A lightweight framework for evaluating the planning capabilities of Large Language Models (LLMs). LLMTaskPlanner provides an efficient environment for testing complex reasoning, multi-agent collaboration, and task execution. With support for diverse actions, environments, and capability settings, it offers comprehensive feedback and multiple difficulty levels.
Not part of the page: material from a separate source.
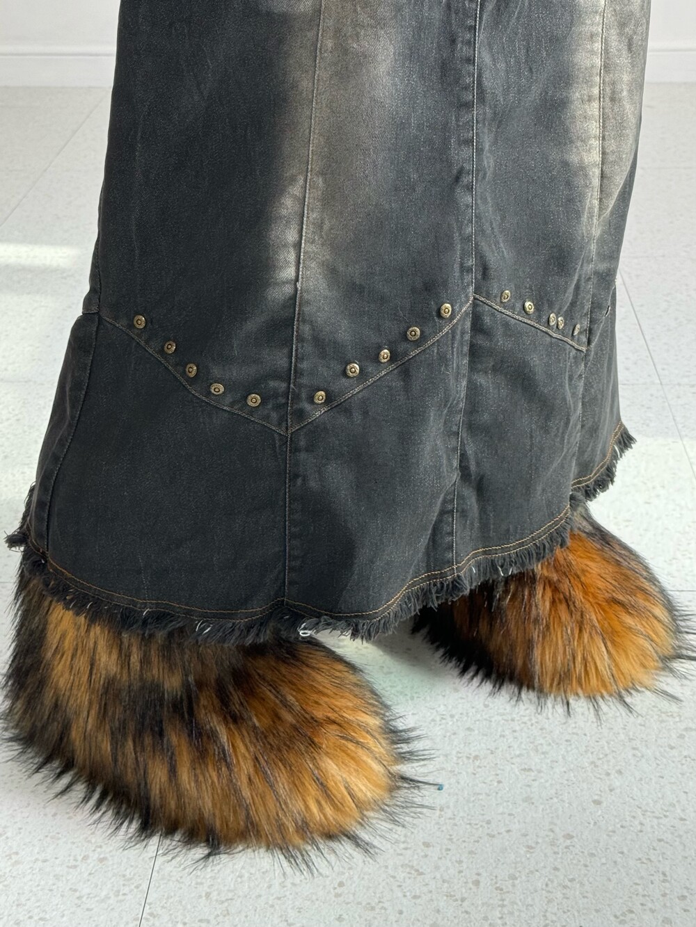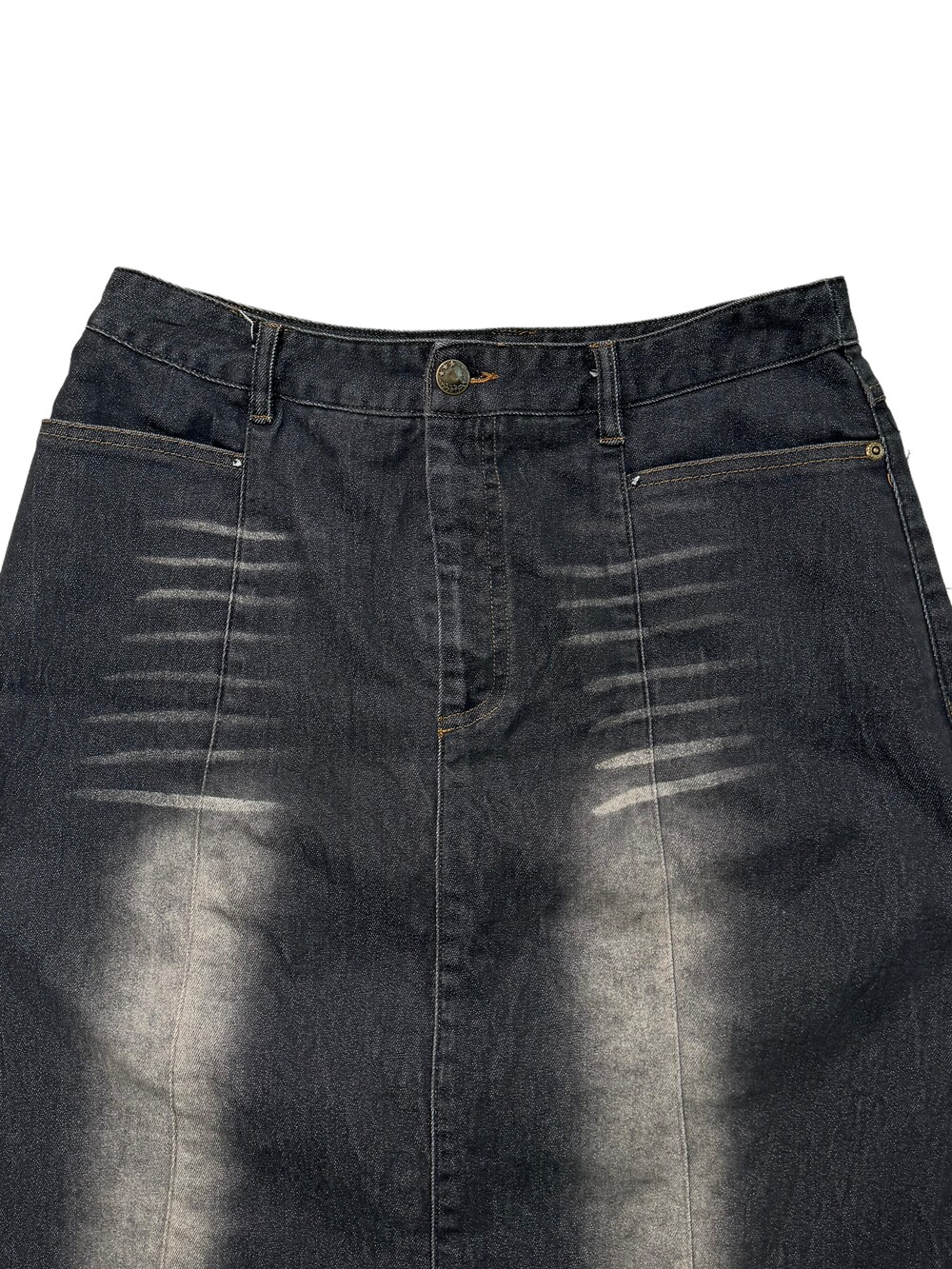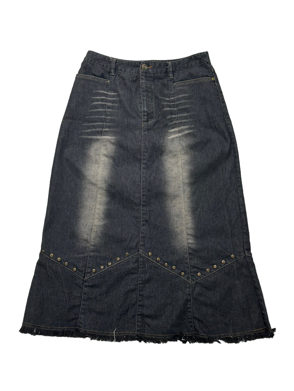 •전체적인 색감은 블랙에 워싱이 들어간 빈티지 스커트 라고 생각해주시면 됩니다! 밑단쪽에 디테일과 빈티지한 찡이 박혀있어 더욱 멋스러운 스커트에요 🖤

Designed for easy setup and extensibility, LLMTaskPlanner is ideal for researchers and developers seeking to benchmark LLMs efficiently and effectively.
项目 G 了,留给有需要的人🤗
.
|-- README.md
|-- bin/
|-- conf/
|-- dataset
| |-- sllm
| | |-- resource/
| | |-- script/
| | `-- test/
| `-- tdw/
|-- requirements.txt
`-- src
|-- basic_planner.py
|-- evaluate.py
|-- misc/
|-- sllm/
`-- tdw/
-
13 Supported Actions:
- GoTo, PickUp, Put, Open, Close, ToggleOn, ToggleOff, Break, Slice, Clean, Dirty, FillWithLiquid, EmptyLiquid
-
Three-Dimensional Capability Settings:
- Capacity (Number): Maximum number of items that can be held simultaneously
- Capacity (Mass): Maximum load capacity
- Skill Set: Allowed actions that can be executed
-
Single-Agent and Multi-Agent Settings:
- Single-Agent: Evaluates basic reasoning performance
- Multi-Agent: Evaluates understanding of cooperation and scheduling.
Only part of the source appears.